I recently purchased some seedlings from Spangle Creek Labs and I had 3 of 6 seedlings come up as Albinos! I’ve never seen this in Cyps before. I wish they were variegated so they would have a chance to survive, these are pretty awesome!! Really surprised and grateful to experience them. I wish they had more of a fungal association so they had a better chance since albinos have a low survival rate. Not to mention it’s an Albino Acaule, my chances are low. 

What are all your thoughts? Maybe I’m wrong and they may color up? I’m doubtful as the others are normal. We’ll see how my mix does maybe I’ll be lucky and have a good fungal association.


----------



## monocotman (May 19, 2021)

sorry to have to say this but unless they colour up quickly, they will most likely die,
David


----------



## abax (May 19, 2021)

I think I'll be hopeful. Perhaps they will color up with more light and higher temps...maybe.


----------



## Ray (May 20, 2021)

Considered treating one with Epsom Salts solution as a test? 1 teaspoon per gallon won’t hurt anything.


----------



## GuRu (May 20, 2021)

Ray said:


> Considered treating one with Epsom Salts solution as a test? 1 teaspoon per gallon won’t hurt anything.

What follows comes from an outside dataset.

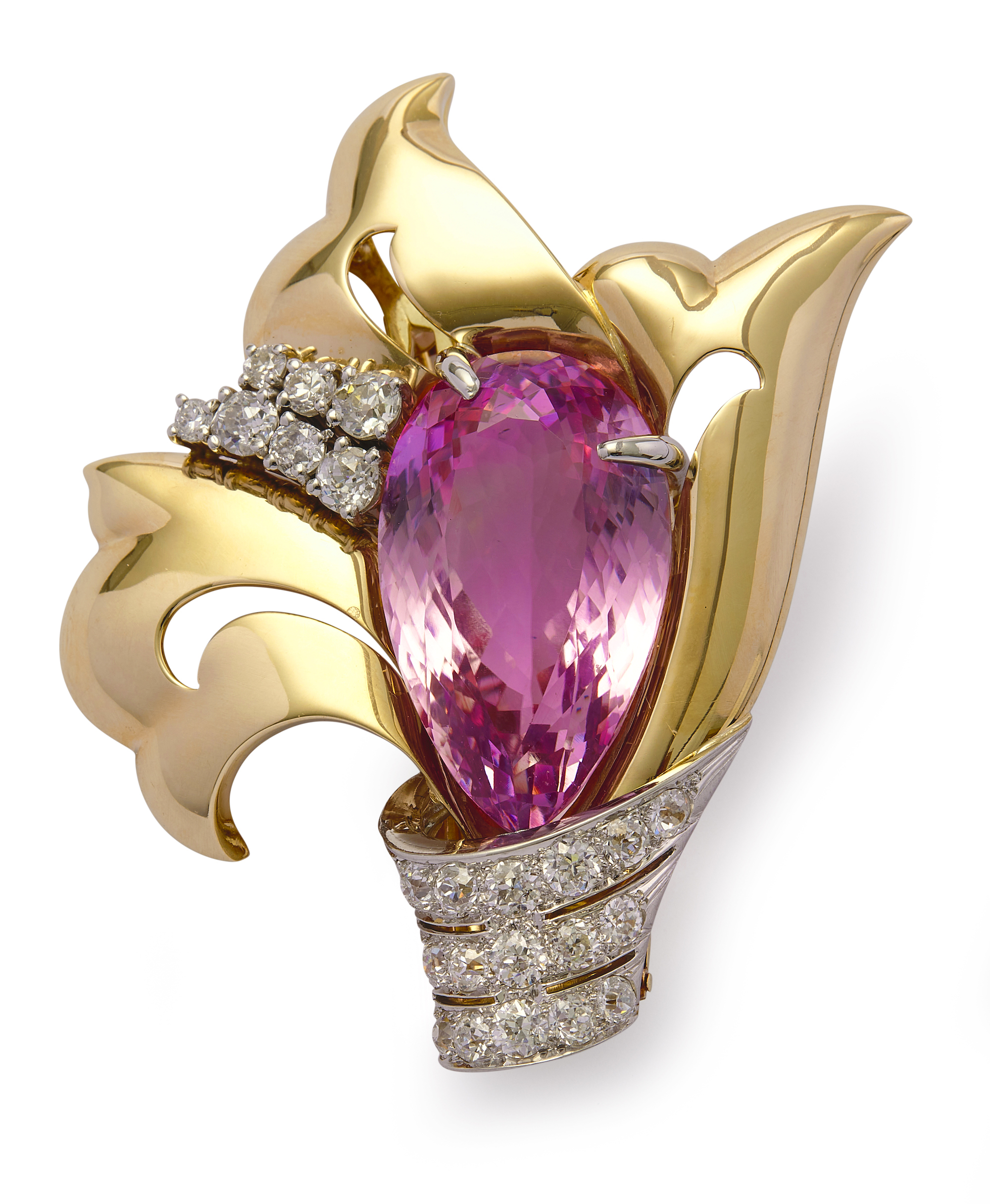 Modelled as a stylised floral bouquet centring a pear-shaped kunzite weighing approximately 43.00 carats accented with brilliant-cut diamonds together weighing approximately 3.00 carats, approximately 60mm x 50mm, trombone clip fitting.

and as a side effect it might kill the millipede.


----------



## NYEric (May 20, 2021)

That would be nice if they stay alive. Good luck.


----------



## Ray (May 20, 2021)

A tiny bit of foliar-applied urea solution is another tack I'd take.


----------



## SEMO-Cypr (May 20, 2021)

Thanks! I checked on them today and still no color. I’ll have to try a pinch of Epson salts and fertilizer. Now why do you suggest urea fertilizer over nitrate? I normally fertilize with MSU, with my tropicals and put a little on my terrestrials and other natives rather than dumping.


----------



## Ray (May 21, 2021)

SEMO-Cypr said:


> Thanks! I checked on them today and still no color. I’ll have to try a pinch of Epson salts and fertilizer. Now why do you suggest urea fertilizer over nitrate? I normally fertilize with MSU, with my tropicals and put a little on my terrestrials and other natives rather than dumping.



Orchids can use nitrate-, ammonium-, and urea forms of nitrogen, but they are taken up differently.

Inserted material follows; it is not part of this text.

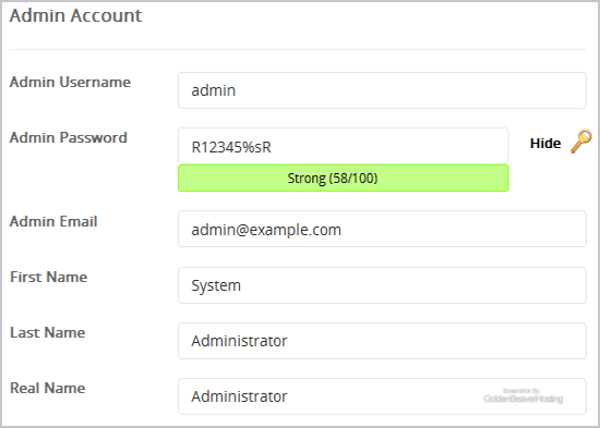 Admin Email: Your e-mail address. - First Name: Enter your first name

Nitrates and ammonium ions are poorly absorbed through the foliar route, but well absorbed through the roots. By contrast, urea is preferentially absorbed through the leaves, but poorly through the roots. Most lawn and shrubbery “green up” products contain urea for that reason.

Orchids are notoriously poor at foliar uptake - especially those with thick, waxy cuticle layers, like mature paphs and phals - but as the cutex develops over time, newly emerging plants will be better at it.


----------



## SEMO-Cypr (May 21, 2021)

Ray said:


> Orchids can use nitrate-, ammonium-, and urea forms of nitrogen, but they are taken up differently.
> 
> Nitrates and ammonium ions are poorly absorbed through the foliar route, but well absorbed through the roots. By contrast, urea is preferentially absorbed through the leaves, but poorly through the roots. Most lawn and shrubbery “green up” products contain urea for that reason.
> 
> Orchids are notoriously poor at foliar uptake - especially those with thick, waxy cuticle layers, like mature paphs and phals - but as the cutex develops over time, newly emerging plants will be better at it.



Good to know thanks! I have in the past stayed away from foliar applications due to the risk of crown rot. But in the outdoor setting it shouldn’t be much of an issue with all the wind I usually have,


----------